April Carter, leading scholar on grassroots action and peace studies, identifies three advantages with the strategies of people power protests:It reflects how those engaged in strikes, demonstrations and occupation of key buildings, and facing down armed security forces, see themselves: the people rising against oppressive rulers; it links the idea of resistance to the idea of democracy, which is the goal of the mass protests; it suggests the central strategy (conscious or intuitive) behind such peaceful revolts: that rulers can be toppled when the ruled refuse to obey them any longer.

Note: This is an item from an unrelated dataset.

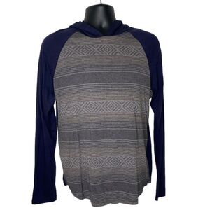 Route 66 Classic Aztec Print Pullover Hoodie (Size:M, Color:Navy-Blue/Gray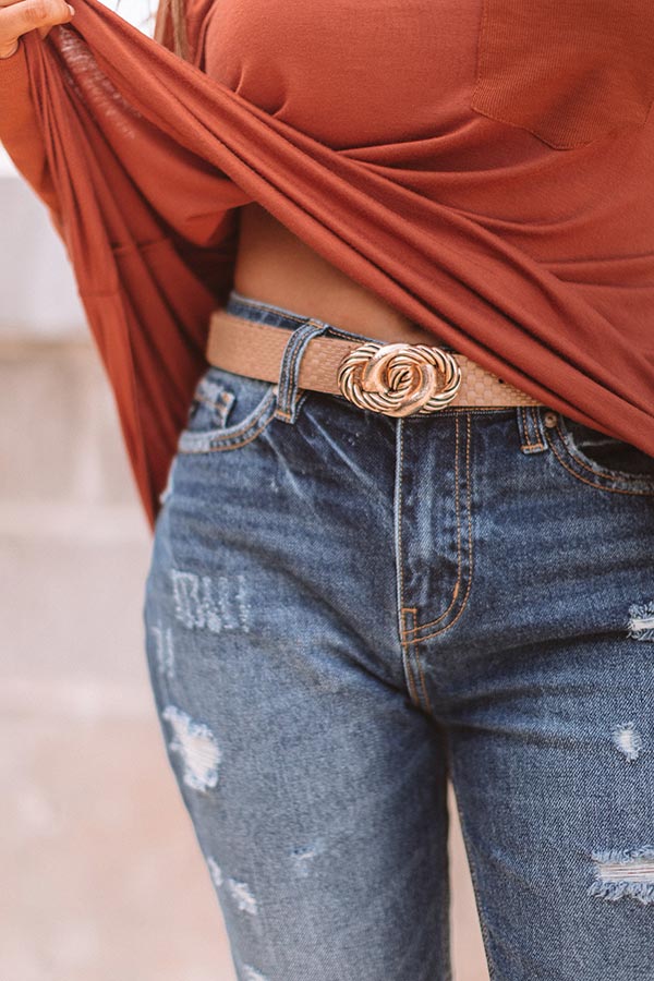 You will undoubtedly be a "full on fashionista" when you wear this brown belt featuring a uniquely textured strap and an intricate gold looped buckle!

== 20th-century examples ==
===Philippines (1986)===
Also known as the EDSA Revolution, this instance of people power was a series of nationwide demonstrations centred on Epifanio de los Santos Avenue in Manila between February 22 and 25 1986. Protesters expressed contempt toward the incumbent, authoritarian President Ferdinand Marcos after allegations of widespread corruption and persisting internal issues — including a prevalent economic disparity and a worsening recession. The EDSA Revolution had the ultimate goal of overthrowing the Marcos dictatorship and replacing it with a new political structure. Ultimately, it is regarded as successful for achieving that goals of the movement, as the regime fell and saw the Marcos family flee to exile in Hawaiʻi. In his place, the revolutionary government led by Corazon Aquino was installed, with Aquino succeeding as the eleventh President, and the subsequent promulgation of a new constitution.

===Myanmar (1988-1990)===
Also known as the 8888 Uprising, this movement aimed to overthrow the military and totalitarian regime of General Ne Win of the Burma Socialist Programme Party (BSPP). The Burmese movement had roots not only within the student, but also the religious populace: the campaign was led by students, monks and nuns. These activists were met with heavy government repression, in which there was over 3,000 casualties in demonstrations. Overall, Burma’s people power movement was unsuccessful as the campaign was suppressed by the military regime, without resulting in a democratic change to the political structure. Although the movement did encourage international action in the form of economic and diplomatic sanctions, the United Nations has made recent declarations that the country still suffers internal political corruption, reporting recent elections as fraudulent.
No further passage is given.